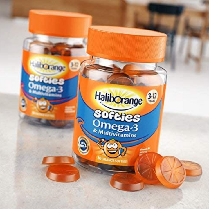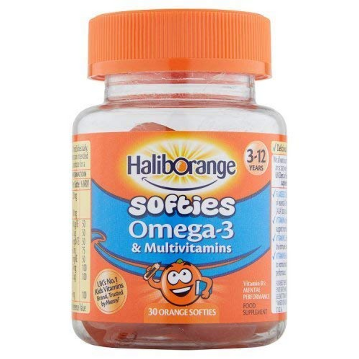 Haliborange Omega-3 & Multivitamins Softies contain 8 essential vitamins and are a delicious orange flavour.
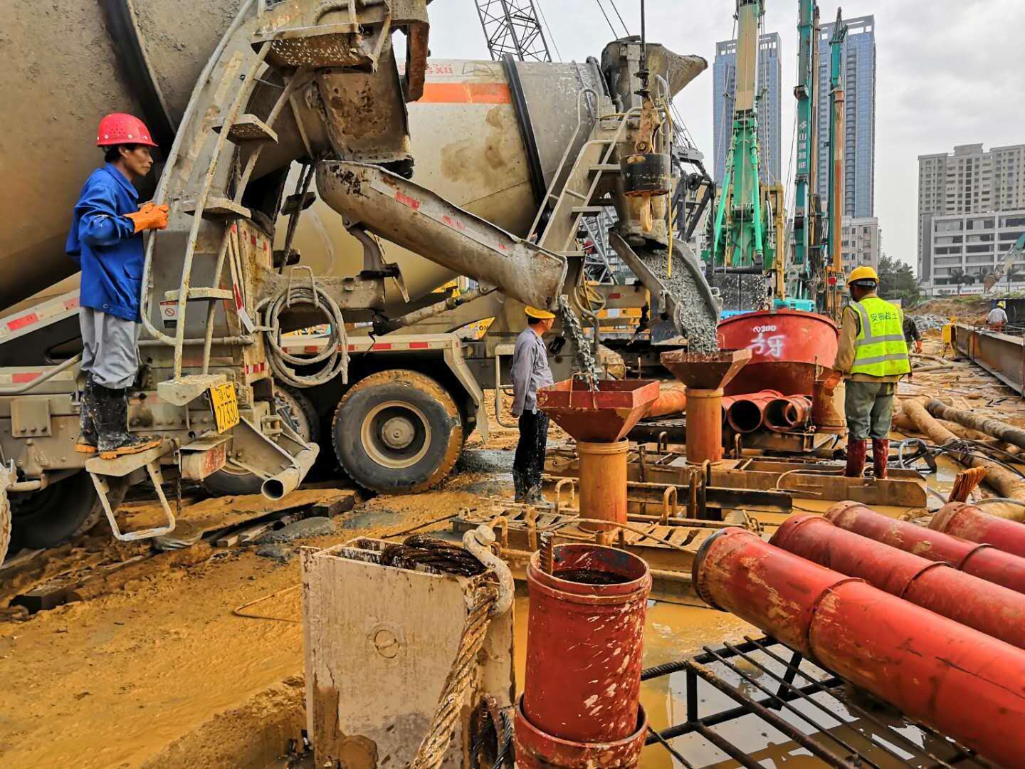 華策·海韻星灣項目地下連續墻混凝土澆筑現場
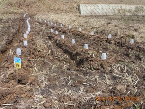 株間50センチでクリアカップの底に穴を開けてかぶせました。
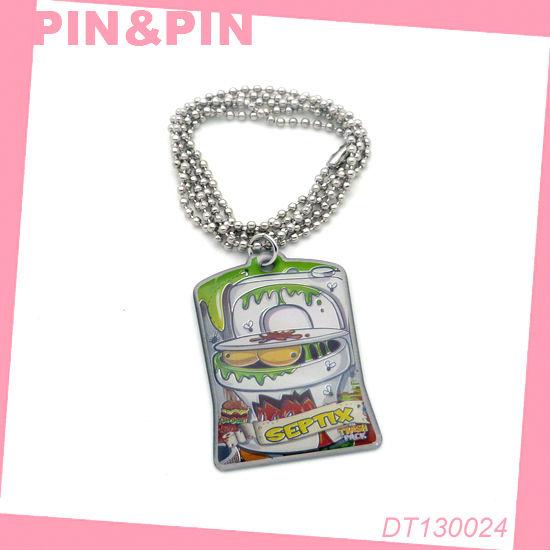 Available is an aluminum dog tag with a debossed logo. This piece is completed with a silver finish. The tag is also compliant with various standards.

···

▸ The task:
Copy out every line of the data above, taking care to leave the pictures out.

▸ Result of the task:
 Haliborange Omega-3 & Multivitamins Softies contain 8 essential vitamins and are a delicious orange flavour.
 華策·海韻星灣項目地下連續墻混凝土澆筑現場
 株間50センチでクリアカップの底に穴を開けてかぶせました。
 Available is an aluminum dog tag with a debossed logo. This piece is completed with a silver finish. The tag is also compliant with various standards.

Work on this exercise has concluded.